The health-check class should be inherited from a Thread, and running the probe in the "infinite" loop depending on the state
The health-check class should provide the interface for HA:

is_healty() -- returns True, False, and maybe None depending on the exit code of the probe and number of failures
is_running() -- health-check loop is running

In order to control the health check loop following mechanisms are necessary:

activate()
disable()

reload_config() -- to update health-check configs on the fly

These interfaces could be very similar to interfaces provided by Watchdog.
The HA class will control the health-check also quite similar to how it controls Watchdog, i.e. activate() on promote, disable() on demote or on pause.
The place which makes a decision to demote on health-check failure would be in the enforce_master_role() method.

P.S. In order to run probes we could certainly reuse CancellableSubprocess().

ksarabu1 · 2021-02-10T14:54:02Z

Thanks for the feedback. Will update the code.

P.S. In order to run probes we could certainly reuse CancellableSubprocess().

CyberDem0n · 2021-02-18T10:02:55Z

patroni/ha.py

+            if self.state_handler.is_leader() and self.state_handler.role == 'master':
+                if self.is_synchronous_mode() and self.liveness.config and self.liveness.is_running and \
+                        not self.liveness.is_healthy:
+                    logger.info("Leader is in unhealthy state, Demoting")
+                    members = self.cluster.members
+                    if self.is_synchronous_mode():
+                        members = [m for m in members if self.cluster.sync.matches(m.name)]
+                    if self.is_failover_possible(members) and not self.cluster.failover:
+                        self.dcs.manual_failover(leader=self.cluster.leader.name, candidate='', scheduled_at=None,
+                                                 index=self.cluster.failover)
+                        return 'Demoting self because Liveness Checks returned Leader in unhealthy state'
+                    else:
+                        logger.info("Aborting Liveness Failure Demote operation, failover not possible OR failover "
+                                    "already scheduled")
+                elif not self.liveness.is_healthy and not self.is_synchronous_mode():
+                    logger.info("Skipping Liveness Failure Demote operation due to asynchronous replication mode")
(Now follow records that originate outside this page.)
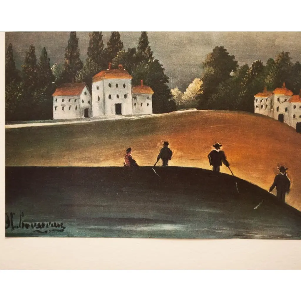1951 After H. Rousseau "Landscape And Four Fishermen" Full-Color Parisian Print
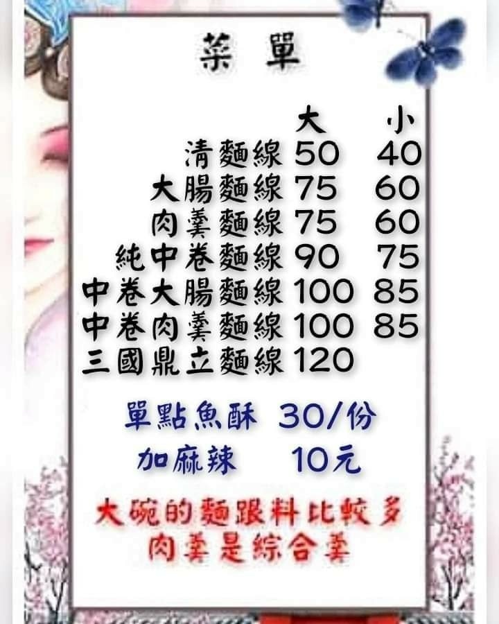 菜單種類算是單純,主要就是麵線加上大腸、肉羹、中卷、還有淡水魚酥可以選唷~
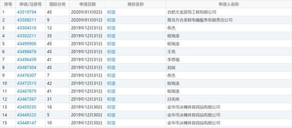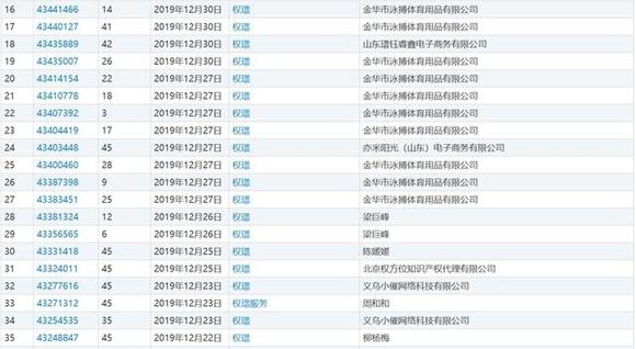 根据上述列表,申请"权璟"商标的申请人中并不包含《精英律师》的出品方新丽电视文化投资有限公司和浙江贤君影视文化有限公司,也没有关联公司狂欢者电影制作有限公司。
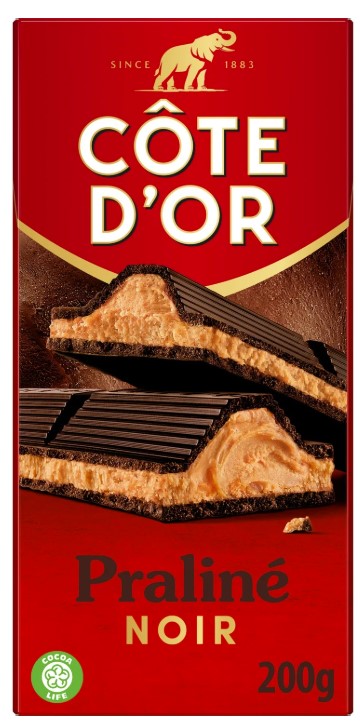 Côte d’Or Praliné fondant Noir : savourez le croquant d’un enrobage chocolat noir Côte d’Or et succombez au fondant d’un délicieux fourrage praliné au chocolat noir.
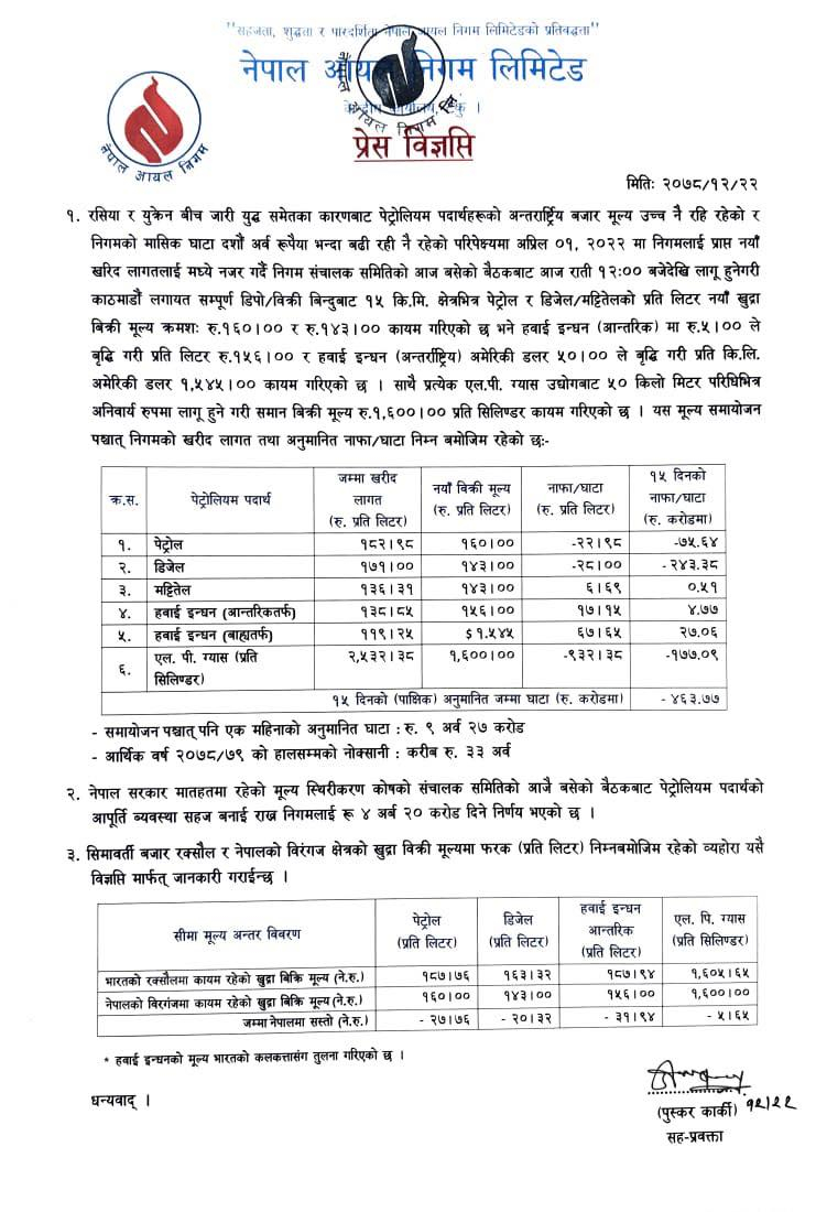 आयल निगमले नोक्सानी बढेको भन्दै इन्धनको मूल्य बढाएको हो।

Why do we make a difference between sync and async replication?
If there are nodes that could take over - we should demote.
Also, we don't need to use the manual_failover() method, demote('graceful') would do the job just fine.

Thanks. The intention was to enforce it only when Patroni operating in synchronous mode. Agree that it should behave the same in both modes. Fixing the code.

CyberDem0n · 2021-02-18T10:22:56Z

patroni/liveness_check.py

+        """Liveness plugin probe"""
+        self.resume()
+        while True:
+            with self.state:


The check will be executed one more time right after pause() is called.

CyberDem0n · 2021-02-18T13:47:55Z

patroni/liveness_check.py

+
+    def __init__(self, config):
+        self.config = config['postgresql'].get('liveness', {})
+        self.livenesscheck = LivenessThread(config)


In most cases people will have no liveness probe defined, but the active thread increases memory usage.
I would suggest creating LivenessThread on-demand, only when activate() method is called.

CyberDem0n · 2021-02-18T13:57:34Z

patroni/liveness_check.py

+        self.livenesscheck.params = self.config and shlex.split(self.config['probe']) + [config['postgresql'].get(
+            'connect_address', ':').split(':')[0], config['postgresql'].get('connect_address', ':').split(':')[1],
+                                                                           config.get('database', 'postgres')] or []


I think it would be better to rely on postgresql.config.local_connect_kwargs instead of building a connection string on your own. There are many different ways to screw it up: pgpass, certificates, keys, channel_binding, and so on.
You may take a look at how it is done for post_init: https://github.com/zalando/patroni/blob/master/patroni/postgresql/bootstrap.py#L125-L134 and maybe even extract that block into a separate method.

Fixing the code

CyberDem0n · 2021-02-18T14:12:39Z

patroni/liveness_check.py

+            if self.cancellable._process is not None and self.cancellable._process.is_running():
+                self.cancellable._kill_process()
+            try:
+                _ = self.cancellable._start_process(self.params)
+                ret = self.cancellable._process.wait(timeout=self.config['timeout'])
+                if ret and ret != 0:
+                    if self.config['max_failures'] > 0:
+                        self.__lv_failures += 1
+                else:
+                    self.__lv_failures = 0
+            except TimeoutExpired:
+                self.cancellable._kill_process()
+                if self.config['max_failures'] > 0:
+                    self.__lv_failures += 1
+                logger.error("Liveness probe failed. failures count %s out of %s", self.__lv_failures, self.config[
+                    'max_failures'])
+            except Exception as e:
+                logger.error("Exception during liveness probe")
+                logger.exception(e)
+                self.cancellable._kill_process()
+                self.__lv_failures = 0
+            time.sleep(self.config['interval'])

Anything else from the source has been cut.